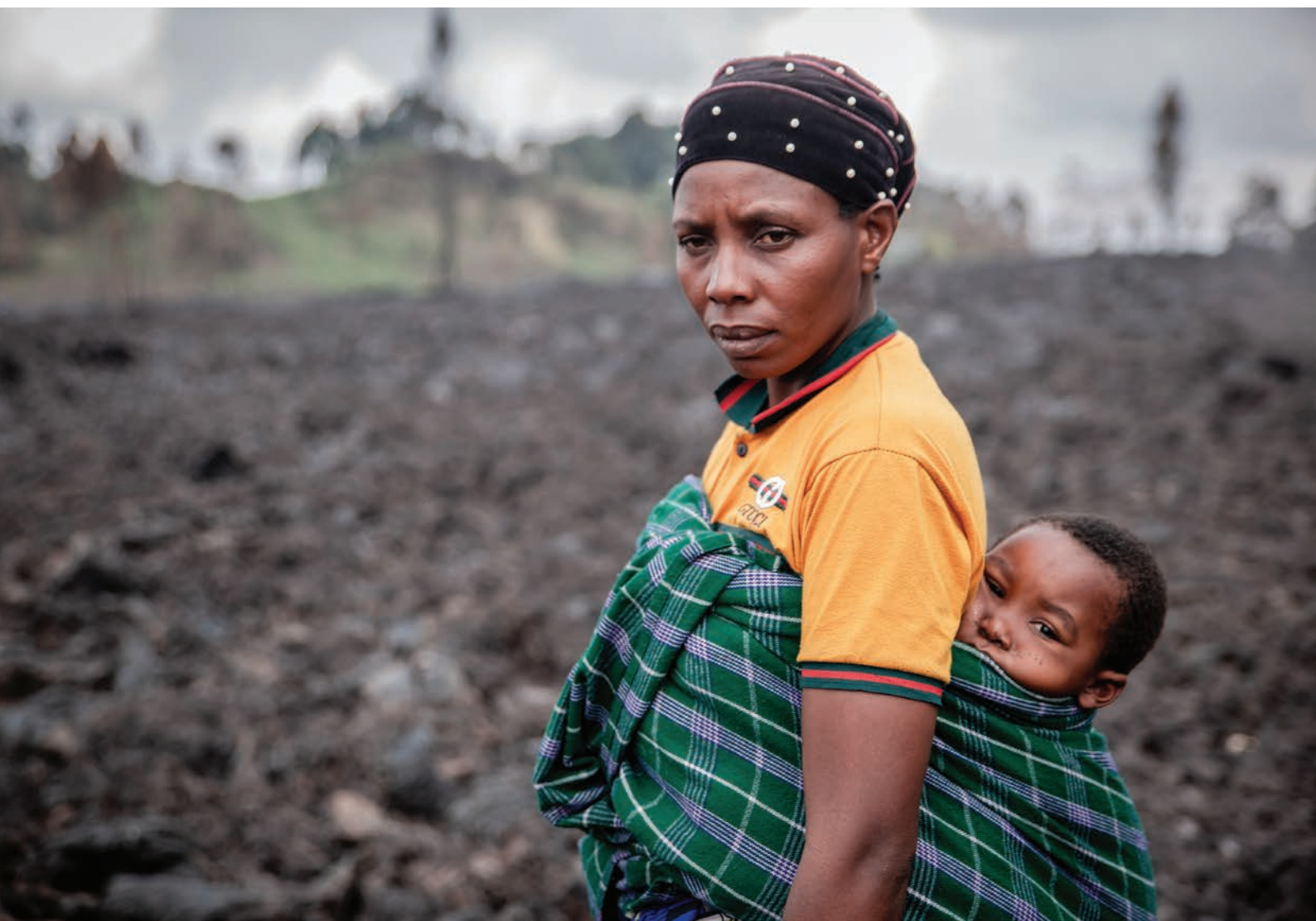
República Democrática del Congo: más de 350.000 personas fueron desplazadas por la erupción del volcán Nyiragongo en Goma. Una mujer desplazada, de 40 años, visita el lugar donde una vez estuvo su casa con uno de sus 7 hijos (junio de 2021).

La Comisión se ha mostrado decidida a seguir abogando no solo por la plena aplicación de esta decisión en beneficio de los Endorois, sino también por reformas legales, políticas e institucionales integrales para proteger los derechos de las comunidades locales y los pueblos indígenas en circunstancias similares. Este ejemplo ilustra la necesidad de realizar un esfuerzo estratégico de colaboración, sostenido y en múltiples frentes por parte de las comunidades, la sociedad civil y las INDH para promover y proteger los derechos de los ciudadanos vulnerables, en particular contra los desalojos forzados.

==

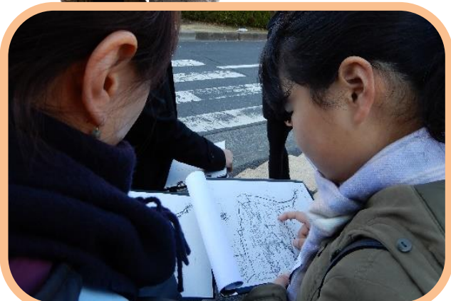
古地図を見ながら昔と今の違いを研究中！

Work order: From the data above, return every line from the line that has "República Democrática del" up to and including the line that has "La Comisión se", exactly.

Written response:
República Democrática del Congo: más de 350.000 personas fueron desplazadas por la erupción del volcán Nyiragongo en Goma. Una mujer desplazada, de 40 años, visita el lugar donde una vez estuvo su casa con uno de sus 7 hijos (junio de 2021).

La Comisión se ha mostrado decidida a seguir abogando no solo por la plena aplicación de esta decisión en beneficio de los Endorois, sino también por reformas legales, políticas e institucionales integrales para proteger los derechos de las comunidades locales y los pueblos indígenas en circunstancias similares. Este ejemplo ilustra la necesidad de realizar un esfuerzo estratégico de colaboración, sostenido y en múltiples frentes por parte de las comunidades, la sociedad civil y las INDH para promover y proteger los derechos de los ciudadanos vulnerables, en particular contra los desalojos forzados.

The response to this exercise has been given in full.